As CIOs work through the thorny issues involved in consolidating IT hardware and personnel, another challenge appears on the horizon: dealing with the “application bloat” that has built up within agencies over the years.
In 2009, Massachusetts Gov. Deval Patrick issued an executive order to consolidate all executive IT operations. Curtis Wood, CIO of the Executive Office of Public Safety and Security (EOPSS), is charged with combining the IT programs and staff of 14 different agencies ranging from the Parole Board to fire services to emergency management.

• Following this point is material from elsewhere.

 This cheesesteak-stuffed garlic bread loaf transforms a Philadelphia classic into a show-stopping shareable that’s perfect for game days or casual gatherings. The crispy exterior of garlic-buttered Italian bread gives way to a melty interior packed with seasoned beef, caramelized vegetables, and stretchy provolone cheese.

As Wood surveyed the applications in use, he saw plenty of opportunities for streamlining and cost savings. “Why have 14 different inventory asset management or fleet management applications?” he asked. “In the e-learning arena, we have many different applications in use in the agencies — or in some cases, none at all. We think we can save money and provide a consistent platform.”

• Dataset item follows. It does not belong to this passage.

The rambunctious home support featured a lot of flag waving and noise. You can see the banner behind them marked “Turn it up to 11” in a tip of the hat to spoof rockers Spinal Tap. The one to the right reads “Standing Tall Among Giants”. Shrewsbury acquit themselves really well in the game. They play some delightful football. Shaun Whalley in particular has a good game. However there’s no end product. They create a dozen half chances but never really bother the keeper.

After several months of planning work with agency stakeholders, Wood’s application consolidation team is doing an inventory of all applications and determining where to host them. The enterprise applications, those that are statewide or public-facing, are being shifted to the public safety data center. “We are already realizing cost savings on licensing and physical support,” he said. “We are reducing maintenance costs while increasing security and temperature control.” The team has also worked with Oracle and Microsoft on licensing flexibility. (A public dashboard wiki for the EOPSS IT consolidation project is available at http://tinyurl.com/EOPSSdashboard.)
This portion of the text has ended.